It was all so simple in theory. With enough computing power, a handful of smart linguistics boffins, a few computer scientists and enough time, human translators would be as obsolete as punch card programming. No matter the text, no matter the subject, Machine Translation (MT) would give you a word perfect version every time in whatever language you wished.
As with most utopian dreams, it would all end up a bit more complicated than anyone could have predicted. Language, you see, is a funny beast. Just as you think you have it all described and analysed, along comes some creative addition or reuse. Tired of “footprint” just referring to the remnants of last night’s walk along the beach? Strap the word “carbon” onto the front and you have a chic environmental term. Bored with “surfing” only involving foamy waves and sleek hair?
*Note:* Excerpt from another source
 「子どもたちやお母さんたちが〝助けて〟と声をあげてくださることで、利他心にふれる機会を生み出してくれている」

Mix things up a bit and add some fishing terminology and you get “surfing the net,” which, oddly enough has everything to do with technology and nothing much to do with the sea.
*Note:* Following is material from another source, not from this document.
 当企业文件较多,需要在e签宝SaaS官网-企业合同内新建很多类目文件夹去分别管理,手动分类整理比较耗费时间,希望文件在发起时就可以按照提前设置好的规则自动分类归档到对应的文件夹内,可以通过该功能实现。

Even traditional songs take on a whole new slant once people start playing with language. “Don we now our gay apparel” used to mean getting dressed up for a Christmas meal. Now, on the other hand, it has a completely different meaning altogether!
All this was enough to play havoc with translation engines. How on earth could anyone write software based on nice, stable rules when word use and meaning changed all the time? What a mess!
No worries, thought the MT gurus, we have a plan. That plan was to beat creativity at its own game. Instead of trying stable, unchangeable rules, MT software started using existing language as a template for its versions. Give your software a big enough database of language and some nifty statistical algorithms and you could get reliable results, or so it was thought.
Actually, this works fairly well. The much maligned rule-based Babelfish has been taken over by the stats-based Google Translate, which has the bonus of a huge database of UN language to work from. Feed in the right kind of language to Google Translate and you do get passable results. On the other hand, feed in certain kinds of language, translate backwards and forwards a bit and Rick Astley’s “Never gonna give you up” becomes “You’ll never leave,” which is funny and ironic but wrong.
So, for the moment, it looks like MT isn’t quite good enough on its own, especially since it can only ever be as smart as the data humans give it. In fact, it is this partnership between human common sense and machine processing that seems to be the way forward. Now, instead of MT taking over, it has been coupled with its somewhat more respectable cousin Computer Aided Translation (CAT) into flexible translation toolkits. Today’s translators, it seems, are happy to take whatever help they can get and are smart enough to be able to use a variety of tools at once.
More importantly, this partnership suggests that translators’ jobs are safe, at least in the near future. Rather than Machine vs. Human being a battle to the death, it has become more of a growing partnership.